Nimbus Fish Hatchery
Nimbus Fish Hatchery ponds
With the powerful swish of its tail, a brightly colored salmon jumps more than 20 steps - one at a time - to the top of the Nimbus Fish Hatchery ladder as the annual migration takes place each fall. Each November, families enjoy visiting the hatchery to witness this event which is a vital component to the survival of salmon and steelhead in the lower American River.
Since 1958, the Nimbus Fish Hatchery has been successfully providing mitigation for the loss of natural fish habitat in conjunction with the US fish and Wildlife Service, the California Department of Fish and Game and the US Bureau of Reclamation.

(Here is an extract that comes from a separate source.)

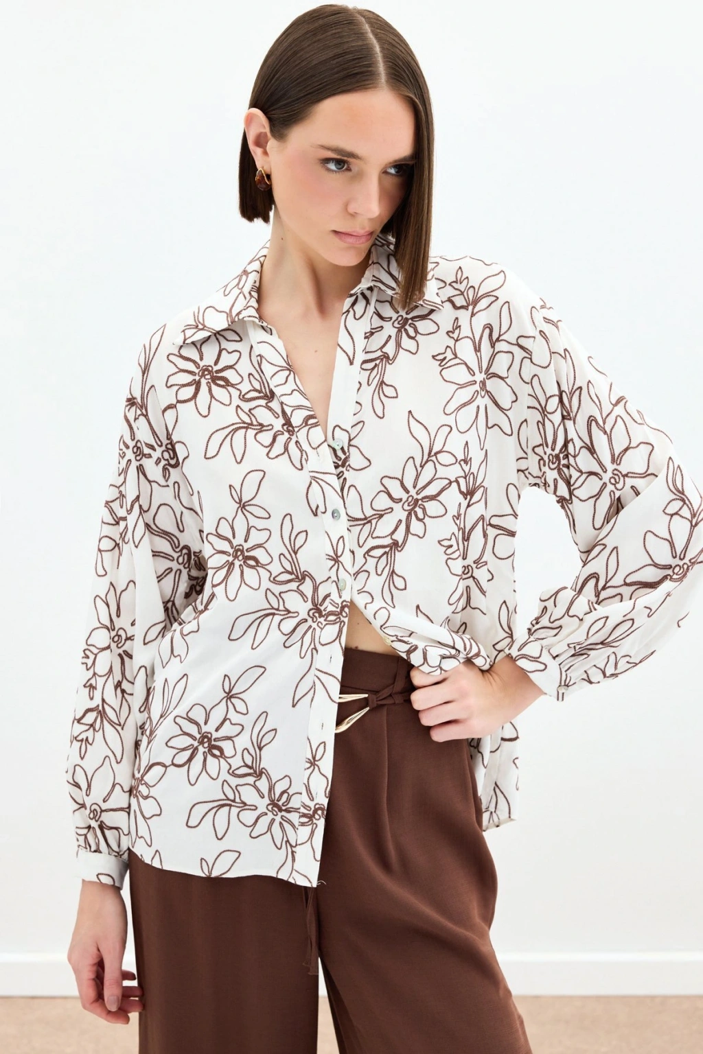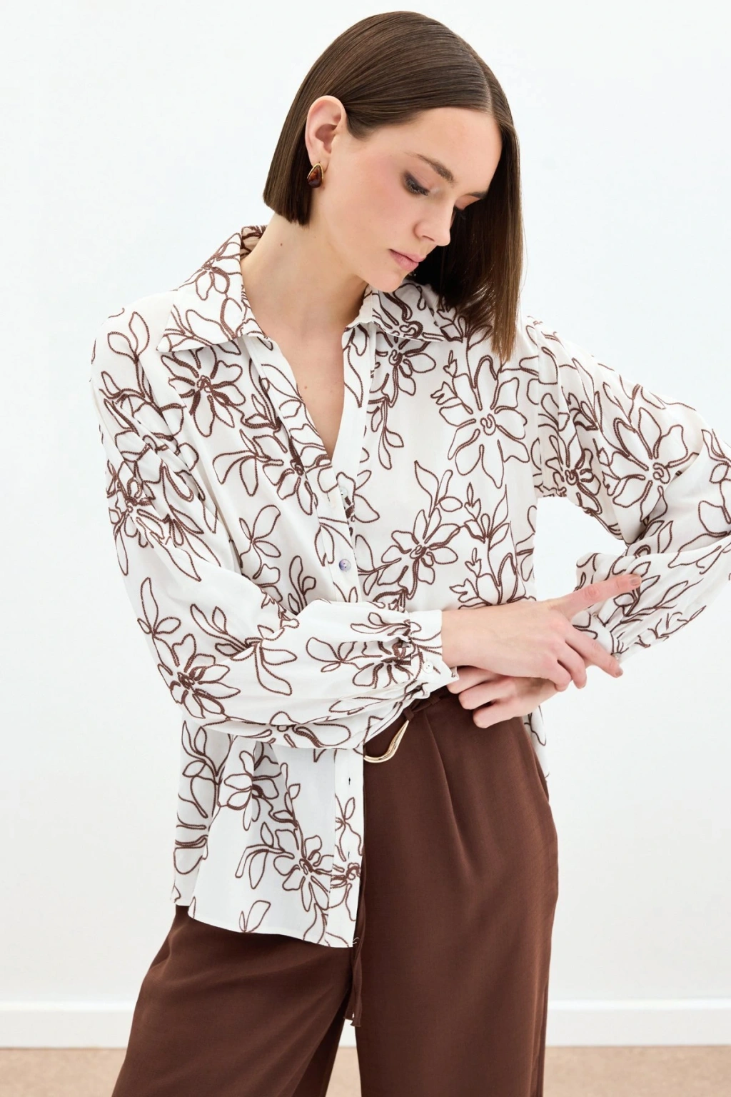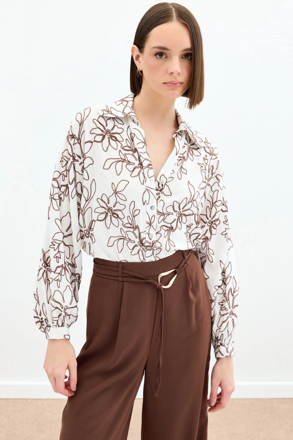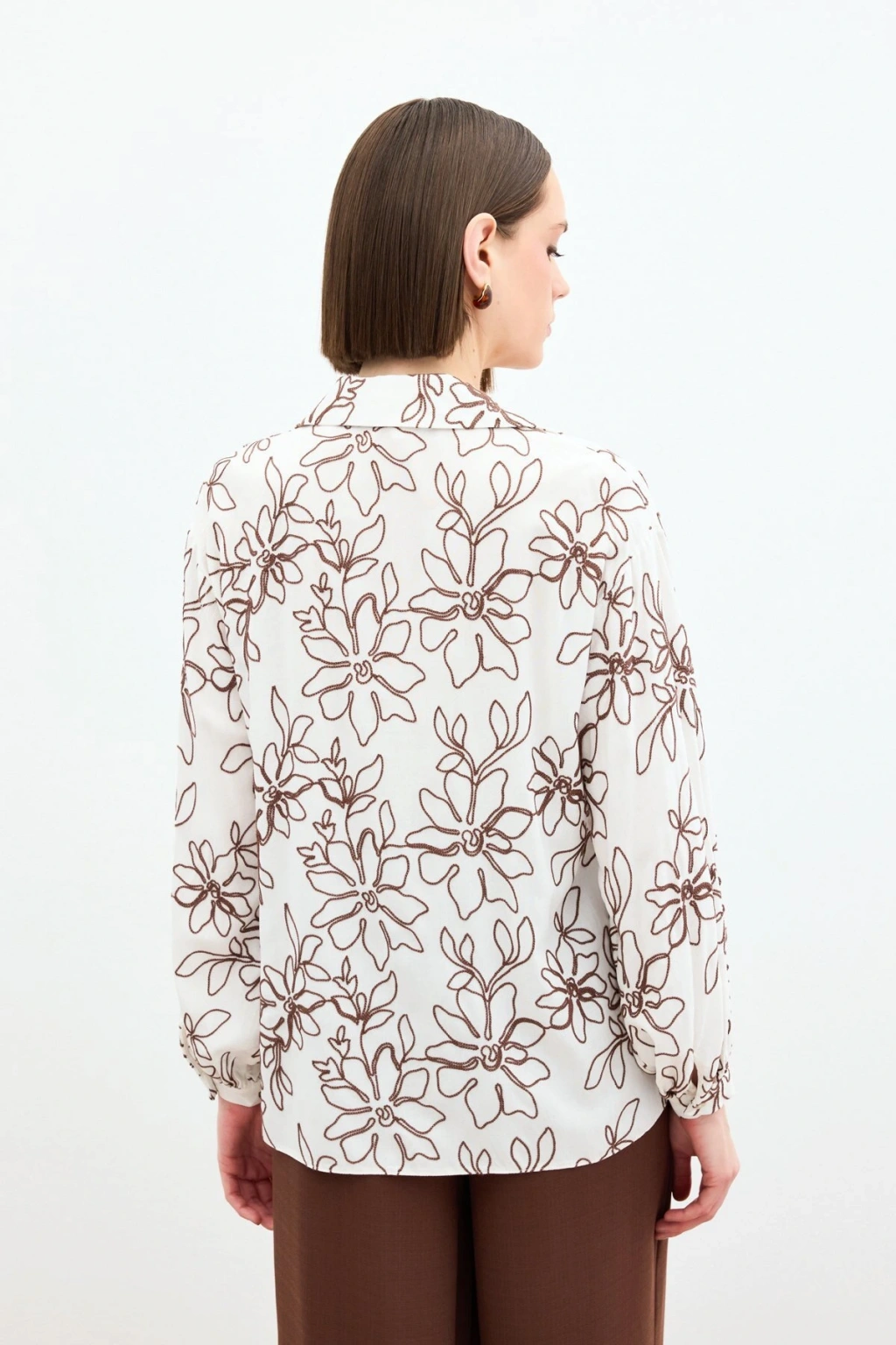Çiçek Nakışlı Viskon Gömlek - Kahve
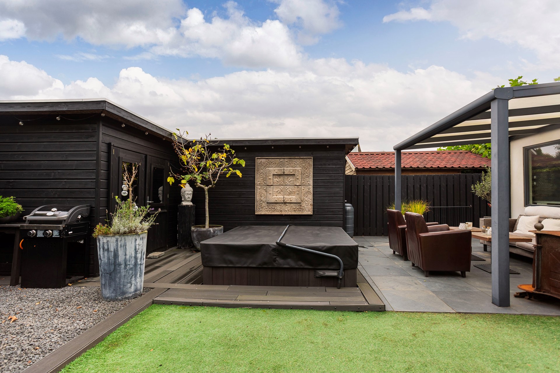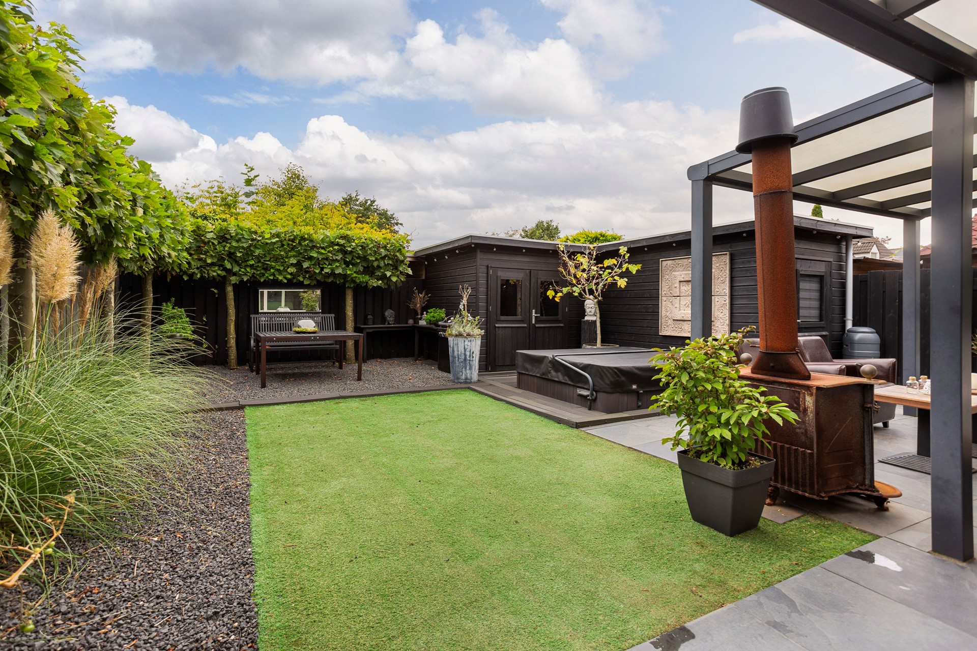 Bij binnenkomst voel je direct de warmte en gezelligheid die deze woning uitstraalt. De woonkamer en keuken worden op een stijlvolle manier gescheiden door een luxe doorkijkhaard. Perfect voor sfeervolle avonden met vrienden of familie. De begane grond is voorzien van vloerverwarming, wat zorgt voor extra comfort. De luxe keuken is en praktisch ingericht, ideaal voor het bereiden van heerlijke maaltijden. Vanuit de woonkamer stap je zo de verzorgde achtertuin in, waar je kunt ontspannen onder de overkapping of genieten van de jacuzzi. Het tuinhuis is al voorbereid voor een complete wellness-ervaring.

Once they make their way up the fish ladder, the fish are sorted and spawned on a table. An average salmon female has more than 5,000 eggs. The eggs are housed in the spawning building and the fish are raised until they are about 4 to 6 inches long. They are then released into the Sacramento River-San Joaquin Estuary. Steelhead are also raised at the hatchery and later released in the Sacramento River near Rio Vista.
Although the fish ladder is quiet during other times of the year, there are hands-on activities for families all year long as they can feed the fish in the various ‘nursery” tanks as they tour the center. Children can follow the growth of the fish from egg to fingerling. In mid-October, the hatchery hosts the annual American River Salmon Festival which offers music, art, food, and recreation with an emphasis on providing education on the life of the Pacific Salmon.
The Visitor Center is open everyday from 10 a.m. to 3 p.m. and offers displays and tours. It is located at Hazel Avenue in Rancho Cordova, just off Highway 50. It is also an easy stop from the American River Bike Trail which runs adjacent to the hatchery. So, jump off the bike and enjoy the salmon experience.